Primary open-angle glaucoma (POAG) is the most frequent type of glaucoma and one of main causes of irreversible blindness worldwide [37]. POAG is the most common form of glaucoma in Europe, Africa, South Asia, and Latin America, and the reported prevalence rates range from 1.1% to 3.8% [38-40]. POAG is a complex disease in which many factors, including environmental factors, genetic alterations and their combined interactions are involved. Genetic association studies of POAG that have been conducted in the recent years, particularly genome-wide association studies (GWAS), have been extremely successful and have identified several genetic loci that are associated with disease susceptibility, which have provided the opportunity to take a fresh look at the genetic factors involved in POAG [41-43].

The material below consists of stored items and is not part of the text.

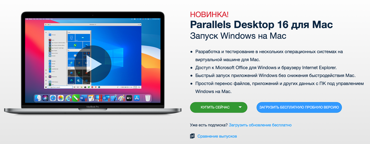 Сегодня мы разберем как поставить Windows 10 на Mac с помощью виртуальной машины Parallels Desktop. С помощью этой программы мы легко сможем установить и запустить Windows 10 внутри системы Mac. Этот способ является самым удобным и производительным. Если вы обычный пользователь, которому нужно запускать программы Windows на Mac, то это единственный вариант в котором не нужно глубоко разбираться с настройками. Программа эта платная, но кто хочет тот всегда сможет найти ее бесплатно (конечно же я против пиратства и подобное решение может использоваться только в ознакомительных целях и обучении), саму программу можно взять с официального сайта здесь. На момент установки доступна 16 версия.
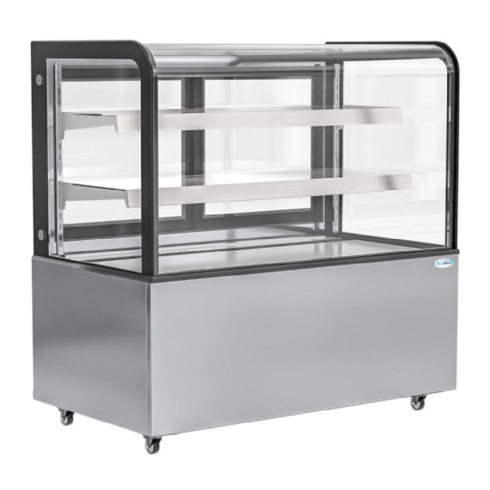 Koolmore, BDC-13C, Dry Bakery Display Case, non-refrigerated, 47"W, 14 cu ft. capacity, (2) adjustable glass shelves, front curved glass, LED Lighting, (4) rolling lockable caster wheels, 1-year manufacturer parts and labor warranty
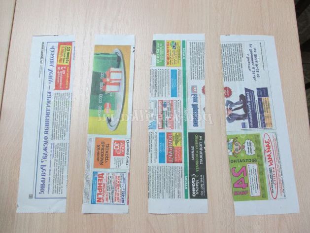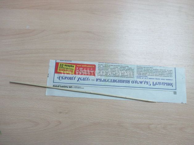 2. Беремо 1 частина газети шпажку пристосовуємо з правого боку під кутом 30-25градусов.Скручиваем, куточок і змащуємо клеем.Один край повинен бути більш розширений,ніж другой.Трубочки повинні бути однакової ширини.

APOE is a 36-kDa glycoprotein that plays an essential role in lipid and cholesterol transport [13,14]. The APOE gene plays an important role in the development of Alzheimer’s disease (AD). There is strong evidence that the prevalence of POAG is greater in AD patients, and an association between POAG and Alzheimer’s disease exists [44,45]. It has also been reported that AD and glaucoma share some common features and that AD patients exhibit widespread axonal degeneration of the optic nerves and the loss of retinal cells, especially ganglion cells [46,47]. Furthermore, research has revealed that similar neurofilament triplet proteins are susceptible to neurofibrillary tangle formation in AD and POAG at the cellular level [48]. Xin et al conducted a meta-analysis in 2010 and found that APOE polymorphisms were significantly associated with the development AD [49]. In the last decade, the focus on genetic susceptibilities to POAG has led to increased attention on the study of the gene polymorphisms involved in the pathogenesis of POAG. A number of studies have investigated the association between the APOE ε2/ε3/ε4 polymorphism and POAG susceptibility, but the results of these studies are contradictory. To derive a more precise estimation of this relationship, we performed large meta-analysis.

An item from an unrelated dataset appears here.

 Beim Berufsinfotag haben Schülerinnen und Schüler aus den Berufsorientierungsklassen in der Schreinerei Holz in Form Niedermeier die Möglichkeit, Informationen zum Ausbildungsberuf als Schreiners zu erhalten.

To our knowledge, this is the first meta-analysis of published studies that has investigated whether the APOE ε2/ε3/ε4 polymorphism is associated with the risk for POAG. In this study, nine eligible studies comprising 1928 patients with POAG and 1793 unrelated matched controls were included. Overall, we found no obvious evidence for an association between the APOE ε2/ε3/ε4 polymorphism and the risk for POAG in any allelic or genotypic model. Furthermore, analyses of subgroups created based on ethnicity also failed to reveal any significant association of this polymorphism and POAG susceptibility.

Heterogeneity is a potential problem that might affect the interpretation of our results. In our meta-analysis, significant heterogeneity was found for the following genetic models:ε4 vs ε3, ε2/3 vs ε3/3, ε3/4 vs ε3/3 and ε3/4 + ε4/4 vs ε3/3. However, in the subgroup analyses stratified by ethnicity, the heterogeneity disappeared among Caucasians in these four genetic models. This heterogeneity may have resulted from differences in the patients’ genetic backgrounds, living environments or genotyping methods. Moreover, the leave-one-out sensitivity analyses revealed that no single study influenced the overall results qualitatively, which indicates that our results are reliable. Additionally, neither the shapes of the funnel plots nor the statistical results revealed publication biases in our meta-analysis.

To some extent, some limitations of the current meta-analysis should be acknowledged when interpreting the results. First, we only included published data from the selected databases; it is possible that some relevant published studies or unpublished studies were missed, and this may have biased the results. Second, due to the lack of POAG subtype information from the eligible studies, we were unable to perform sub-group analyses based on POAG types, (e.g., high-tension glaucoma or normal-tension glaucoma), which play a crucial roles in genetic analyses. Third, due to the limited availability of published results, the number of publications included in our meta-analysis was only seven; this low number is bound to bias the analyses results. We expect that more studies with larger samples and randomized -controlled trials will become available. Finally, only papers that were published in English and studies with available full-text articles were included in the current meta-analysis; therefor, some eligible studies that have not been unpublished or were reported in other languages were missed, which may influence the pooled results. Despite these limitations, our meta-analysis also has some advantages. First, we significantly increased the statistical power of our meta-analysis by including a substantial number of cases and controls from different studies. Second, the methodological issues of meta-analysis, such as heterogeneity, publication bias, and the stability of results were all carefully investigated. Third, the qualities of the case-control studies identified in our meta-analysis were satisfactory and met our inclusion criteria.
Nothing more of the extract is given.